The highway veered left. He looked behind him. The dogs’ tongues were out, panting.
At mile marker fifteen they traded clothes. He stepped into her dress and had her tie the string in the back.
“I’ve always wanted help getting in and out of my clothes.”
“It gets old,” said Rosina. “Believe me.”
He admitted (to himself) that the dress felt alright, kinda good at first, but then a little too free? Actually, he wasn’t sure how he felt about it.
After Rosina cinched up the leather belt and snapped the brass buckle she took EXIT 115 toward Lewisville.
“So long cuz,” she said. “Till next time.”
***
The man kept on, and at some point during the long journey became Female.
Also, and oddly, when she (the man) looked behind her the dogs had transformed into cats.
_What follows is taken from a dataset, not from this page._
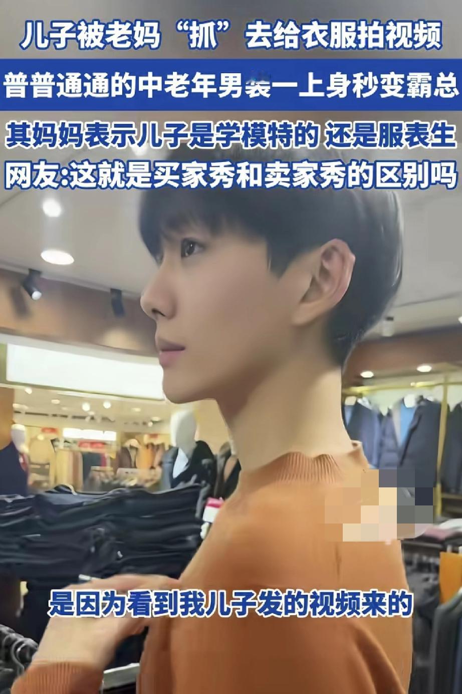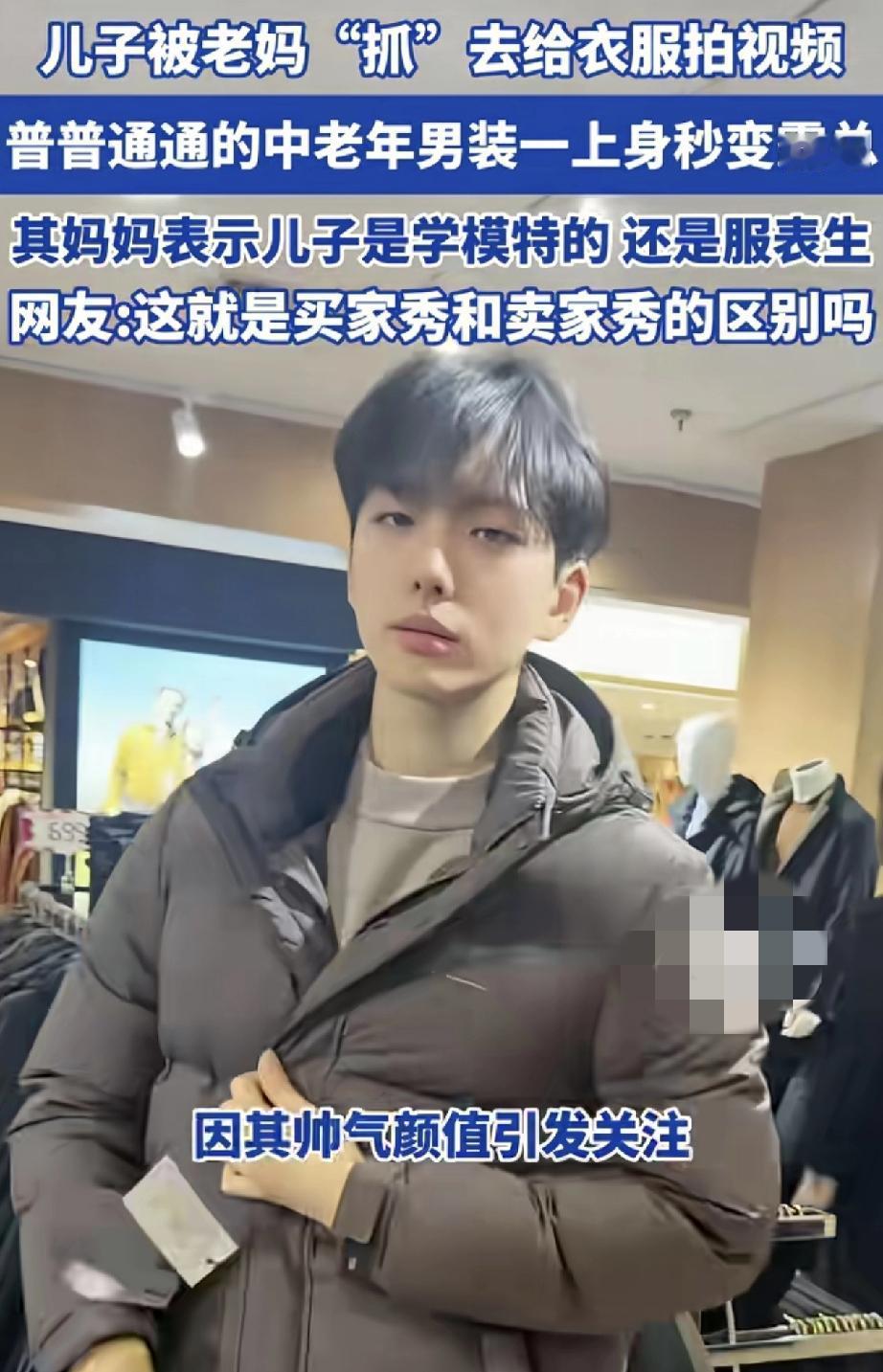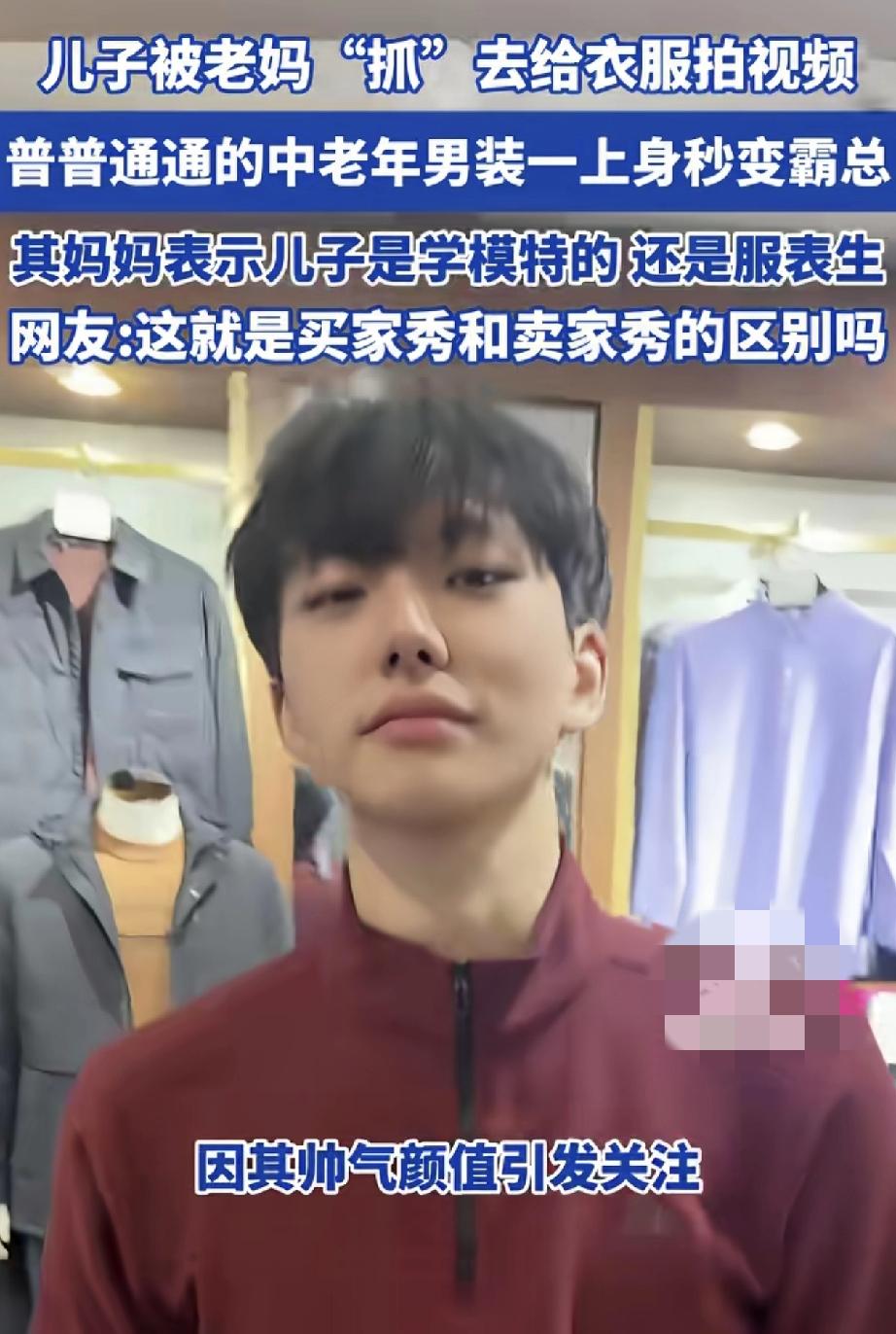 山东烟台,一妈妈让帅气儿子,试穿自家21年服装老店的中老年服饰,不料将儿子试穿视频发到网上后,竟意外带火了自家老店。视频可见,儿子不但长得得帅气,这身材也是非常高大,且只要他一穿上店内的这些中老年服饰,无论是中年的还是老年的,都显得帅气逼人,特别的合身好看。 据妈妈表示,她也没有想到,只是突发奇想让儿子试穿一下这些中老年服饰,然后随手一拍就发到网上了,结果还真把店子给带火。 现在店铺火了,也有很多人咨询店铺买衣服的,平日里人流量也增多了,可大多数都是看到儿子视频后,来探店的女性顾客。 妈妈还称,她的儿子身高186cm,暂无女朋友,3月份就要开学返校,且学习的是模特专业。不过儿子看到妈妈店铺被自己带火了,心里很高兴,毕竟帮妈妈把店子宣传出去了。 而此事也是引起了网友们的一片热议。有网友就表示:果然还是专业对口了,第一次宣传就这么成功,是个做模特的好苗! 还有网友表示:看来帅气出圈不是吹的,这波流量密码被死死拿捏住了,说明只要会玩梗,传统店铺也能在网上火起来! 更有网友表示:有个这么帅气的儿子为自家店铺做广告,不火才怪了!建议卖点女装生意会更好,男的对他不感兴趣[捂脸] 不得不说,这就是论颜值的重要性!这位帅小伙穿上这些衣服后,怎么看也看不出来是中老年装啊,可谓是件件都帅气又合身!这说明,只要你年轻穿什么都年轻帅气咯!当然网友的提议也不错,建议卖点女装抓住这波流量! 对此大家怎么看?

Or perhaps the dogs gave up and some cats replaced the dogs? It’s impossible to know for sure, he thought.
The woman in the yellow sundress kept on, dead set on finding her wife.
She reached in her back pocket for the magazine but since she didn’t have a pocket she found only the soft curve of her ass. The magazine ended up being rolled up in her cleavage. She didn’t remember having breasts and certainly wouldn’t have thought to place a magazine there, but she pulled it out anyway wondering what else could be in this issue.
Music began to play upon opening the magazine. Big band music, Glen Miller style. When she closed the pages the music cut off.
When the music played the street lamps brightened and hummed as if they were getting turned on, sexually. When she closed it the street lamps grew dim and depressed as if they got their feelings hurt or their balls chopped off.
“Balls?” she said. “Penis and balls and all that man stuff. No thank you.”
She folded the magazine four ways and stuffed it in her panties.
She didn’t hate cats, but was surprised that cats were following her, since she always thought herself a dog person.
“My wife liked cats,” she said to the cats.
“Cats cats cats,” said the cats. But turns out they were little children in cat costumes.
***
Once they reached the end of the world the children giggled no more. She grabbed the chain link fence that served as the last obstacle and gazed out into the black abyss.
The children climbed the fence and leaped in shouting “Cats! Cats! Cats!”
Instead of falling they hovered over the darkness and began to shrink: children to toddlers, toddlers to babies, babies to fetuses, until there was nothing at all. She knew, she just knew, those kids were her unborn children. She began to weep with the realization of the unfair life. Some of her tears dropped and ran down the front of her dress.
After calming herself, she reached into her panties and pulled out the magazine. She read the first recipe: two parts radio, a pinch of Canada, a dash of moon, and a drizzle of lug nuts.
“Oh, I remember that one,” said a pretty voice coming from the abyss. “Delicious.”
“I found you,” said the woman in a yellow dress.
“Remember how I used to put my feet on your shoulders.”
“I miss your big feet.”
“I can see that.”
She looked down and saw her manhood restored and pitching a tent inside the yellow dress. And then from the abyss, a hand reached through the fence and up his dress, grabbing hold. She began to work it back and forth like she did when they were young.
“There it is!” he said. He stretched over the fence and took hold of her left breast.
“You always liked the left one best!” she said.
“I love it all,” but when he went to reach further toward her sweet center (where she liked him to rub just so), he felt her hand grab his wrist.
“If you go there,” she warned, “you’ll never be able to go back.”
He thought about all the things he broke when he was young: eight ball, lawn mower, sky light, hat rack, white chalk, sun flower, and the piano key still stuck in his underwear drawer.
“Where will I go?” he said.
“You’ll see,” she said, and giggled.